Car A is traveling west at 40 mi/h and car B is traveling north at 40 mi/h. Both are headed for the intersection of the two roads. At what rate are the cars approaching each other when car A is 4 mi and car B is 3 mi from the intersection?

Answer 1

Explanation:

It is given that,

    $\frac{dx}{dt}$ = -40 mi/h,     $\frac{dx}{dt}$ = -40 mi/h

The negative sign indicates that x and y are decreasing.

We have to find $\frac{dz}{dt}$. Equation for the given variables according to the Pythagoras theorem is as follows.

              $z^{2} = x^{2} + y^{2}$

Now, we will differentiate each side w.r.t 't' as follows.

        $2z\frac{dz}{dt} = 2x\frac{dx}{dt} + 2y\frac{dy}{dt}$

or,          $\frac{dz}{dt} = \frac{1}{z}(x\frac{dx}{dt} + y\frac{dy}{dt})$

So, when x = 4 mi, and y = 3 mi then z = 5 mi.

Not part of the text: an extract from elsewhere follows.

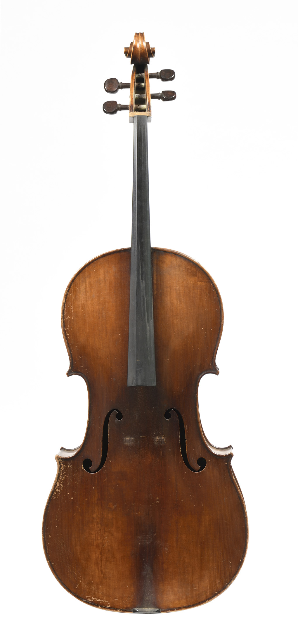 French cello by L. MOUGENOT JACQUET GAND bearing the label "L. MOUGENOT JACQUET GAND fait spécialement pour Paul JOMBAR. 37 rue de Rome à Paris.".

As,       $\frac{dz}{dt} = \frac{1}{z}(x\frac{dx}{dt} + y\frac{dy}{dt})$

                       = $\frac{1}{5}(4 \times (-40) + 3 \times (-40))$

                       = $\frac{-140 - 120}{5}$

                       = 52

Thus, we can conclude that the cars are approaching at a rate of 52 mi/h.